I am told:
Let
$$\varphi : M_{2\times 2}\to\mathbb R $$ $$ A \mapsto\operatorname{trace}(A) $$
Compute the matrix of this linear map with respect to the canonical basis of $M_{2\times 2}$ and $\{1\}$.
If we plug the elemnts of the canonical basis into the map we get the following:
$$\varphi\left(\begin{bmatrix} 1 & 0 \\0 & 0\end{bmatrix}\right)= 1$$ $$\varphi\left(\begin{bmatrix} 0 & 1 \\ 0 & 0\end{bmatrix}\right)= 0$$ $$\varphi\left(\begin{bmatrix} 0 & 0 \\1 & 0 \end{bmatrix}\right)= 0$$ $$\varphi\left(\begin{bmatrix} 0 & 0 \\0 & 1 \end{bmatrix}\right)= 1$$
However, I don't know what's the size of the resulting matrix representation. In other words, should I arrange my resulting scalars as a $2\times 2$ matrix or something different?
Thank you in advance!
You have that $\varphi$ is linear, so $\varphi\in Hom_\mathbb{R}(M_{2\times 2}(\mathbb{R}),\mathbb{R})$, so $\left[\varphi\right]\in M_{1\times 4}(\mathbb{R})$ (i.e. it is a row-vector roughly speaking) being $\dim_\mathbb{R}M_{2\times 2}(\mathbb{R})=4$, as you noticed by taking the canonical basis.

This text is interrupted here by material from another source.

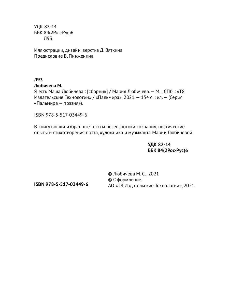 Handling time: 19 days Автор: Любичева Мария, «Я есть Маша Любичева: сборник»: В книгу вошли избранные тексты песен, потоки сознания, поэтические опыты и стихотворения поэта, художника и музыканта Марии Любичевой.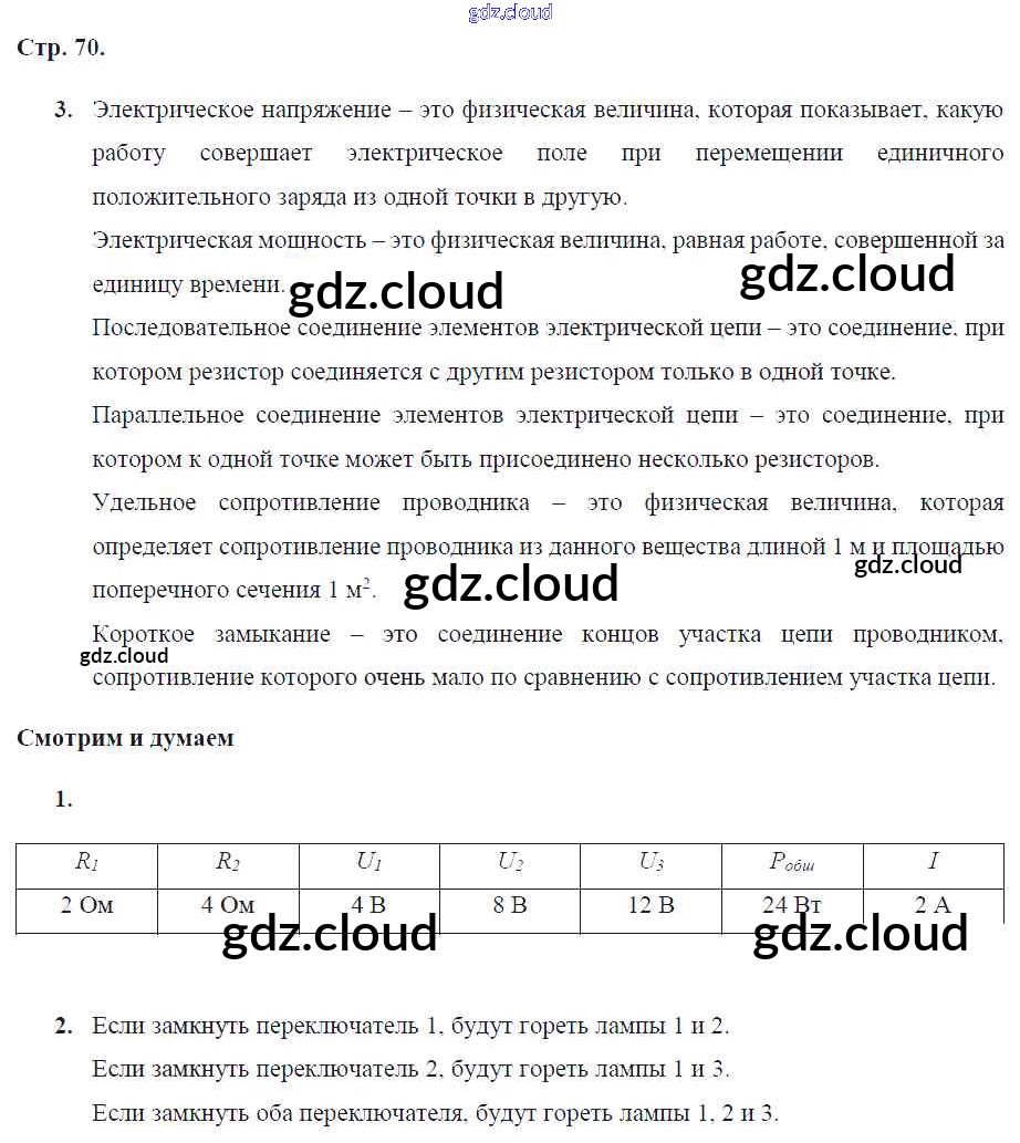Ответ на задание 70 Тетрадь-тренажер Физика за 8 (восьмой) класс Артеменков, Белага, Воронцова Сферы 2012 ФГОС онлайн и без номера телефона.

Here one could be confused by the "transformation" of matrices into vectors, but just note that if $V$ is an $\mathbb{R}$-vector space then a choice of a $\mathcal{B}$ base of $V$ gives you an isomorphism of vector spaces $[·]_\mathcal{B}:V\longrightarrow\mathbb{R}^{\left|\mathcal{B}\right|}$